I think you could definitely drop down a few centimeters, especially if you are having a hard time turning. Try looking for a women's all-mountain board in sizes in the low or mid 150's. Not all boards will come in sizes that long, but you should have enough to choose from. Look at boards like the Ride Solace, Rome Vinyl, Burton Lux, or K2 Luna. You should be able to find all of these boards on sale within the next few weeks.

When I learned to ride I had a hard time learning to turn. Getting a snowboard that was softer and shorter made a big difference. But keep in mind that falling while attempting to turn is to be expected for beginners. For me, it was the hardest skill to learn!

Your boots might be a problem as well. The Burton Casas are VERY SOFT beginner boots and may not be stiff enough to support your weight. 

Suggestion: Post this in the equipment forum for "boards" and you'll get more help. A lot of people probably don't check this one as frequently.
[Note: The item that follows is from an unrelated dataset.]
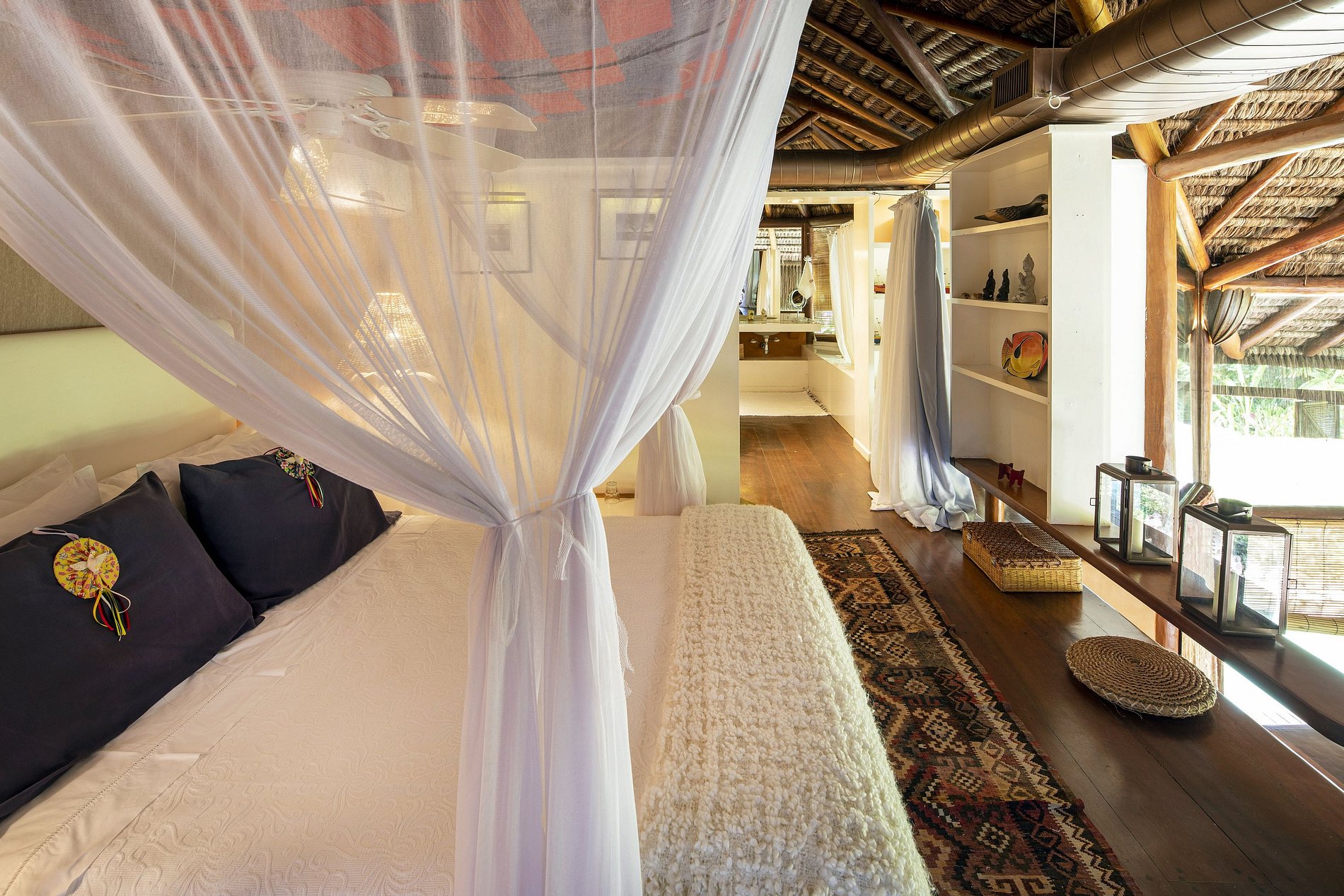 Le bar-salon dans le toit de palme tressée est l'endroit idéal pour profiter d'une caipirinha sur commande tout en ayant des conversations avec vos invités. Le personnel bien formé, compris dans le prix de la location, saura satisfaire tous vos désirs. La propriété dispose également d'une immense salle de 200m2 avec un mobilier confortable et un équipement moderne.

Good luck and welcome to snowboarding!


----------



## ic3_qu33n (Feb 7, 2010)

yes most of the boards are on sale right now.. i got the 5150 for under 100 bux! the burtons and others you are talking about were 90-120 right now.. tuesday morning i am going to go looking for another board..


----------



## ic3_qu33n (Feb 7, 2010)

I went and bought a Lamar Blazer 154 last tuesday the ride was a lot better and was tryna find a burton but most of the 153/154s were gone... i also swapped my boots and knocked them down a few sizes... helped a lot...


----------